[YOUR GOAL] Could you output the whole listing exactly as it stands, minus any images?

[RAW DATA]
########################################

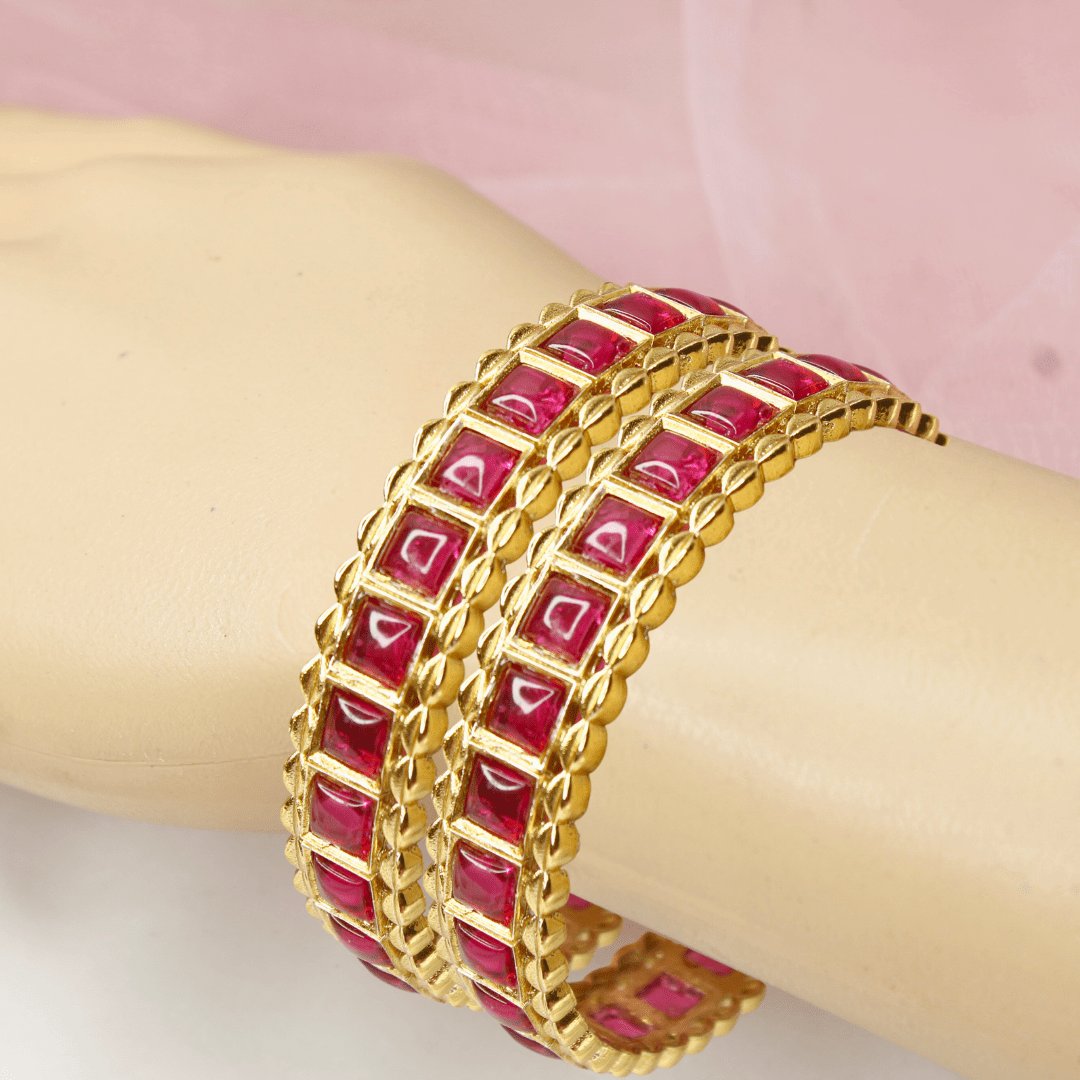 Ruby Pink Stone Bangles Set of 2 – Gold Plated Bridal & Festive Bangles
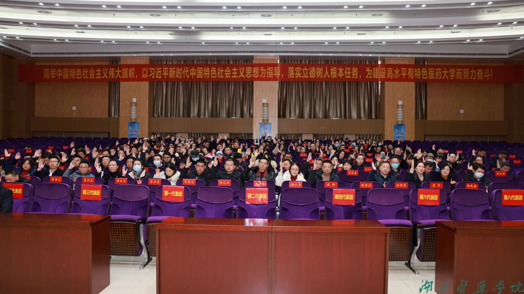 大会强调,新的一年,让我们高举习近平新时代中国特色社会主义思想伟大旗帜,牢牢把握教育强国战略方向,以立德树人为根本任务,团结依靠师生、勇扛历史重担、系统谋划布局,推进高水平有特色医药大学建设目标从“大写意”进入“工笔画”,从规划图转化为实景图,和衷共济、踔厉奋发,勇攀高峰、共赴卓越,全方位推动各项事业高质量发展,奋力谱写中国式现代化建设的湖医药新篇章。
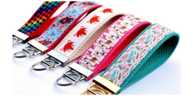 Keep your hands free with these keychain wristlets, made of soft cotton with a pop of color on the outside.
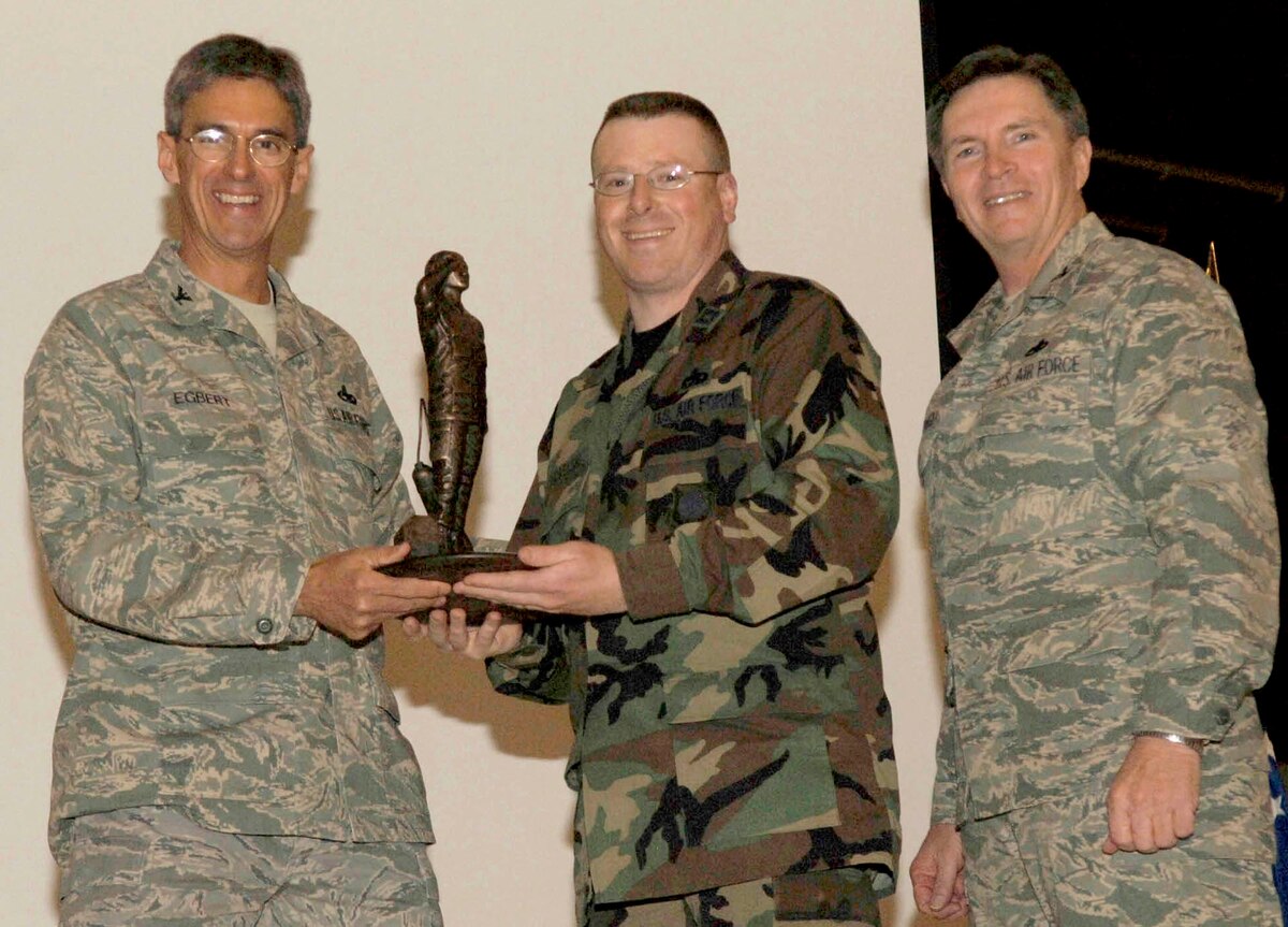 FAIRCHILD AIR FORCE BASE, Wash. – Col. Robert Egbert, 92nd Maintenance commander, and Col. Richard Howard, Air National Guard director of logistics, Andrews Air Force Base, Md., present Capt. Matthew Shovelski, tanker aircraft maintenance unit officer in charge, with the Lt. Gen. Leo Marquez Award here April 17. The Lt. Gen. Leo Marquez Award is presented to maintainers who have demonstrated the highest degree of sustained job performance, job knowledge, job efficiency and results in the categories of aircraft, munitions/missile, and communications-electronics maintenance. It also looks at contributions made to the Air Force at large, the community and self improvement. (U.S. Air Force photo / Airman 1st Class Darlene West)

########################################

[SOLUTION TO THIS EXERCISE]
 Ruby Pink Stone Bangles Set of 2 – Gold Plated Bridal & Festive Bangles
 大会强调,新的一年,让我们高举习近平新时代中国特色社会主义思想伟大旗帜,牢牢把握教育强国战略方向,以立德树人为根本任务,团结依靠师生、勇扛历史重担、系统谋划布局,推进高水平有特色医药大学建设目标从“大写意”进入“工笔画”,从规划图转化为实景图,和衷共济、踔厉奋发,勇攀高峰、共赴卓越,全方位推动各项事业高质量发展,奋力谱写中国式现代化建设的湖医药新篇章。
 Keep your hands free with these keychain wristlets, made of soft cotton with a pop of color on the outside.
 FAIRCHILD AIR FORCE BASE, Wash. – Col. Robert Egbert, 92nd Maintenance commander, and Col. Richard Howard, Air National Guard director of logistics, Andrews Air Force Base, Md., present Capt. Matthew Shovelski, tanker aircraft maintenance unit officer in charge, with the Lt. Gen. Leo Marquez Award here April 17. The Lt. Gen. Leo Marquez Award is presented to maintainers who have demonstrated the highest degree of sustained job performance, job knowledge, job efficiency and results in the categories of aircraft, munitions/missile, and communications-electronics maintenance. It also looks at contributions made to the Air Force at large, the community and self improvement. (U.S. Air Force photo / Airman 1st Class Darlene West)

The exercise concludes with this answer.